I think David Remnick, the Editor of The New Yorker is right to call out all of the folks who voted for President Trump. As a Christian, I think his critique is especially appropriate for evangelicals. In direct response to President Trump’s directive to four congresswomen – all women of color, three of whom were born in America – that they should all “go back” to the countries “from which they came.” Remnick writes:

Republicans and Independents, evangelicals, and many others who might have voted for Trump in 2016 will eventually have to ask themselves whether it is possible to go on believing that he is a man of sufficient character to hold the Presidency.

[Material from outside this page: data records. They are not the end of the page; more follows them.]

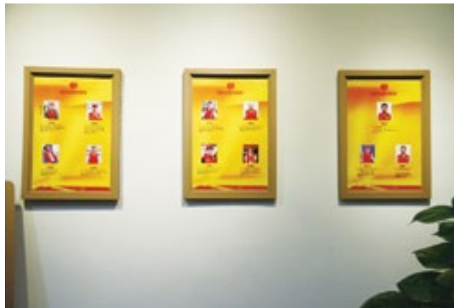
“园区志愿者先锋”宣传墙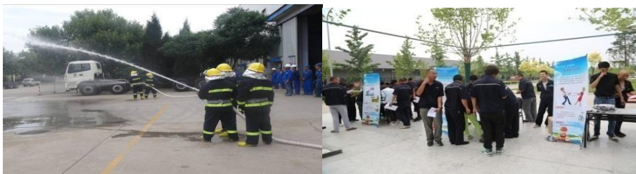
集团下属企业开展“应急演练”

公司组织了开展“安康杯”竞赛活动，通过安全宣传、安全培训、安全演练、安全改善提案等形式，提升生产安全、治安安全、消防安全、公共卫生安全、职业健康安全等意识，加强工会劳动保护监督检查机制。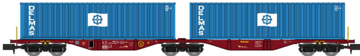
NW-290 – Wagon Sggrss 80 TOUAX + 2 conteneurs 40' DELMAS, Ep.VI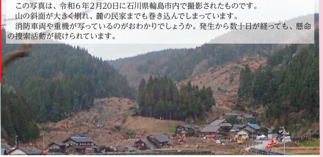
この写真は、令和6年2月20日に石川県輪島市内で撮影されたものです。山の斜面が大きく崩れ、麓の民家までも巻き込んでしまっています。消防車両や重機が写っているのがおわかりでしょうか。発生から数十日が経っても、懸命の捜索活動が続けられています。

写真の場所の周辺では、土砂災害の危険性が高い場所(土砂災害警戒区域・特別警戒区域に指定されている区域)が多数見られます。 いつ発生するかわからない地震に対しては、事前に逃げるというのは困難ですが、危険性を認識しておくことで、いざという時、行動に差がうまれます。 一方、雨に対してはどうでしょうか? 一般的に、雨の降りはじめから突然土砂災害が発生する可能性は低く、土砂災害の発生まではある程度の降雨があります。つまり、 危険から逃げるための時間は残されているのです。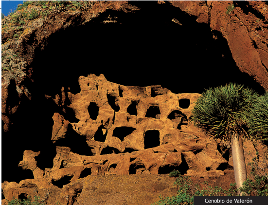
Cenobio de Valerón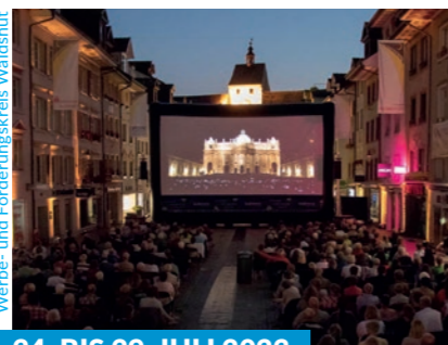
Werbe- und Förderungskreis Waldshut

Auf vier Bühnen in der Fußgängerzone treten insgesamt 16 Jazzkünstler auf. Sowohl regionale als auch internationale Musiker sind dabei.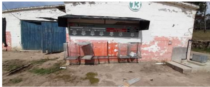
Fotografía 3. Inspección de una avícola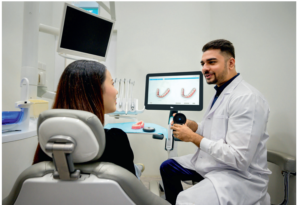
◀ Align Technology entwickelt, produziert und vertreibt das transparente Aligner-System Invisalign. ◀ Align Technology designs, manufactures, and sells the Invisalign clear aligner system.

All IDS 2021 attendees—including dentists, laboratory practitioners and industry partners—will be able to learn about Align's latest innovations, including the Invisalign Go Plus system, the latest addition to the general dentist's portfolio for mild to more complex cases. Attendees can also see how digital workflows are enabled by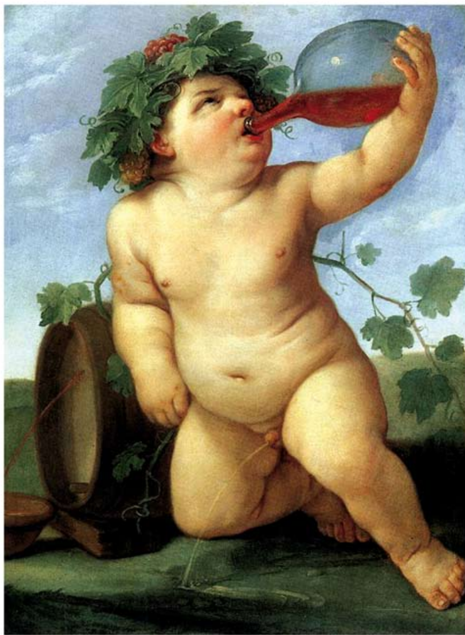
JUVENTUD SIN VALORES Il bambino alcolicci, Guido Reni.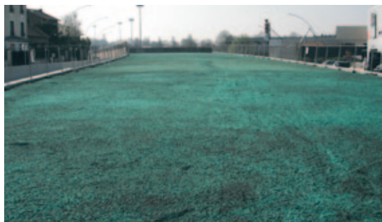
Aspect i.D. SURE à l'installation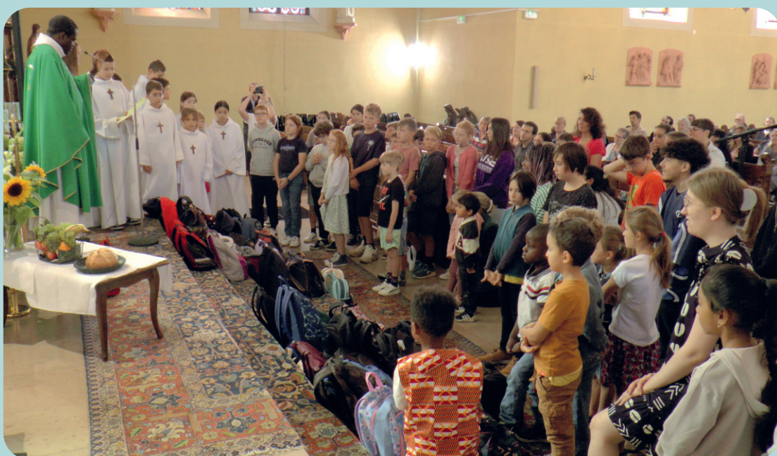
La messe de rentrée des enfants et jeunes a été marquée par la traditionnelle bénédiction des cartables.

Whether it was motivated by religious freedom, issues related to the sexual revolution, the chance to secure a few conservative Supreme Court justices or some other ultimate goal, white evangelicals ultimately voted as machiavellians. But I don’t think the ends ever justify the means. Potential political gains over the span of four or eight years, however important they are cannot be worth compromising the integrity of the Christian faith.

As an orthodox, Bible-believing American Christian, I understand the temptation. In some ways, it’s not hard to understand why white evangelical Protestants voted for Trump. I think much of it was motivated by fear. Whether the fear is legitimate or not is besides the point here. Again, I think Peter Wehner is correct: many white evangelicals voted for Trump and, unless something changes will do so again, because there are “deeply fearful of what a Trump loss would mean for America, American culture, and American Christianity.”